Ada Brownell, a free lance writer and retired newspaper reporter, has written numerous stories on the environment and with Dennis Darrow received the 1994 Colorado Associated Press Editors and Reporters first-place environment award for a series that appeared in The Pueblo Chieftain. Her blog: http://www.inkfromanearthenvessel.blogspot.com
 “The Ethics of Reverence for Life,” Albert Schweitzer, Christendom, 1936, 225-39
 Deuteronomy 17:2-4
HOW THE BIBLE VIEWS ECOLOGY
· The land is to rest every seven years. “For six years sow your fields, and for six years prune your vineyards and gather their crops. But in the seventh year the land is to have a Sabbath of rest” (Leviticus 25:3-4).
· Don’t cut down trees unnecessarily. “When you lay siege to a city for a long time, fighting against it to capture it, do not destroy its trees by putting an ax to them, because you can eat their fruit. Do not cut them down. Are the trees of the field men, that you should besiege them?” (Deuteronomy 20:19-20).
· Be compassionate to animals. “Do not muzzle an ox while it is treading out the grain” (Deuteronomy 25:4). “If you see the donkey of someone who hates you fallen down under its load, do not leave it there; be sure you help him with it” (Exodus 23:5). Jesus tells about the shepherd leaving his flock to find one lost sheep (Luke 15:1-7). “A righteous man cares for the needs of his animal” (Proverbs 12:10).
· Respect birds. “What is the price of two sparrows—one copper coin? But not a single sparrow can fall to the ground without your Father knowing it” (Matthew 10:29NLT). “If you come across a bird’s nest beside the road, either in a tree or on the ground, and the mother is sitting on the young or on the eggs, do not take the mother with the young. You may take the young, but be sure to let the mother go, so that it may go well with you and you may have a long life” (Deuteronomy 22:6-7).

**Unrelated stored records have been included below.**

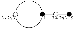 One may form a dessin d'enfant from by placing black points at the preimages of 0 (that is, at 1 and 9), white points at the preimages of 1 (that is, at ), and arcs at the preimages of the line segment [0, 1]. This line segment has four preimages, two along the line segment from 1 to 9 and two forming a simple closed curve that loops from 1 to itself, surrounding 0; the resulting dessin is shown in the figure.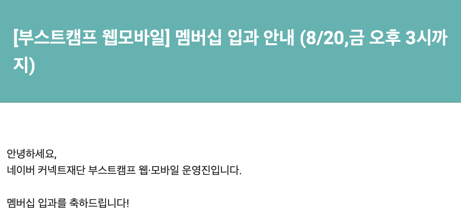 부스트캠프 웹 풀스택 6기 멤버십 합격 챌린지에 입과한 모든 캠퍼가 멤버십에 입과 하는 것은 아니다. 특정 기준으로 멤버십에 입과할 자격을 심사한다. 챌린지 과정 동안 최선을 다했고, 멤버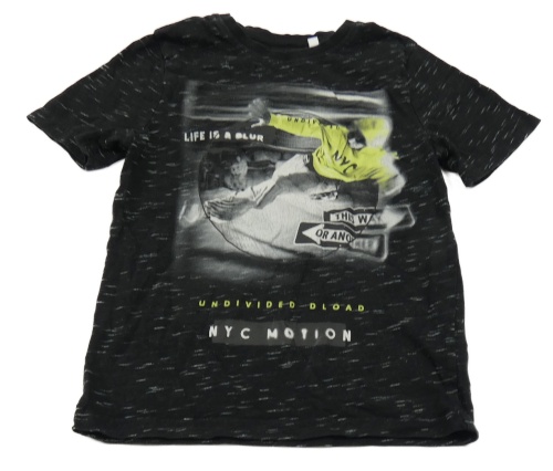 Černé melírované tričko s chlapcem a nápisy C&A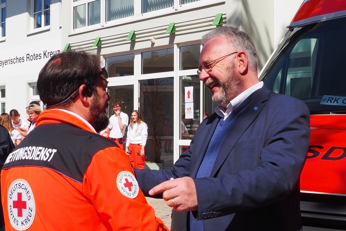 BRK-Kreisgeschäftsführer Thomas Hofmann begrüßte die Anwesenden und unterstrich die Bedeutung dieses Tages: „Kommen Sie miteinander ins Gespräch“. In seinem Grußwort betonte der stellvertretende Landrat und Bürgermeister Lars Leveringhaus: „Wir stehen als Landkreis und Gemeinde fest hinter unseren Blaulichtorganisationen und eben dem Roten Kreuz. Sie geben den Menschen ein Gefühl der Sicherheit.“ Der gordische Knoten der Standortsuche wurde dank der Familie Beck gelöst. „Ich wünsche mir, dass die Nutzung dieses Ortes niemals endet.“

· Respect the earth and its Creator. “Where were you when I laid the earth’s foundation? Who stretched a measuring line across it? Who shut up the sea behind doors? Have you ever shown the dawn its place? The earth takes shape like clay under a seal. Have you journeyed to the springs of the sea or walked in the recesses of the deep? What is the way to the abode of light? Where does darkness reside? Have you entered the storehouses of the snow? What is the way to the place where the lightning is dispersed, or the place where the east winds are scattered?“ (Selected from Job 38).
· Turning away from God affects the land. “Hear the word of the Lord, you Israelites; because the Lord has a charge to bring against you who live in the land. There is no faithfulness, no love, no acknowledgment of God in the land. There is only cursing, lying and murder, stealing and adultery. They break all bounds and bloodshed follows bloodshed. Because of this the land mourns, and all who live in it waste away, the beasts of the field and the birds of the air and the fish of the sea are dying “ (Hosea 4:1-3).
· God blesses the crops of the obedient. “’Bring the whole tithe into the storehouse that there may be food in my house. Test me in this,’” says the Lord Almighty, “’and see if I will not throw open the floodgates of heaven and pour out so much blessing that you will not have room enough for it. I will prevent pests from devouring your crops, and the vines in your fields will not cast their fruit... all nations will call you blessed for yours will be a delightful land,” says the Lord Almighty” Malachi 3:6-12).